Listed entries START

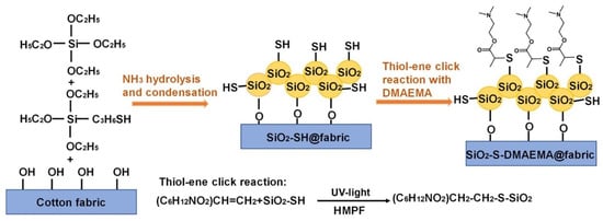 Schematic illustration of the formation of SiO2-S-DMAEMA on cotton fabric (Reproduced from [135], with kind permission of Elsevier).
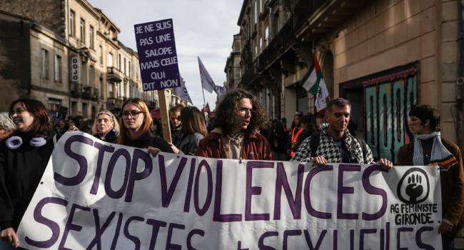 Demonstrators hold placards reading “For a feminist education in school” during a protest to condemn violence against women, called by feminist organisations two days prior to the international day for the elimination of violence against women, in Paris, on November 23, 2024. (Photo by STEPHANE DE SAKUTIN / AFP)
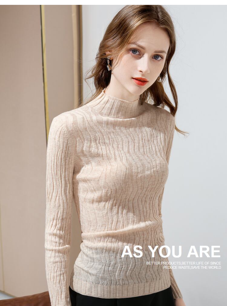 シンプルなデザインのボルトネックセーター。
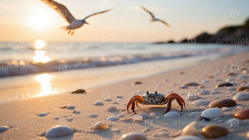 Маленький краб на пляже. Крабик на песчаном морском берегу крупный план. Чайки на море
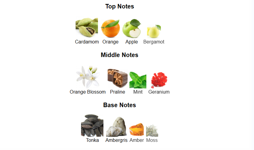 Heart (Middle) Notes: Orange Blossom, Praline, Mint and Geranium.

Listed entries END

Work to be completed:
Transcribe the records above verbatim. Do not carry over any picture.

Response below:
 Schematic illustration of the formation of SiO2-S-DMAEMA on cotton fabric (Reproduced from [135], with kind permission of Elsevier).
 Demonstrators hold placards reading “For a feminist education in school” during a protest to condemn violence against women, called by feminist organisations two days prior to the international day for the elimination of violence against women, in Paris, on November 23, 2024. (Photo by STEPHANE DE SAKUTIN / AFP)
 シンプルなデザインのボルトネックセーター。
 Маленький краб на пляже. Крабик на песчаном морском берегу крупный план. Чайки на море
 Heart (Middle) Notes: Orange Blossom, Praline, Mint and Geranium.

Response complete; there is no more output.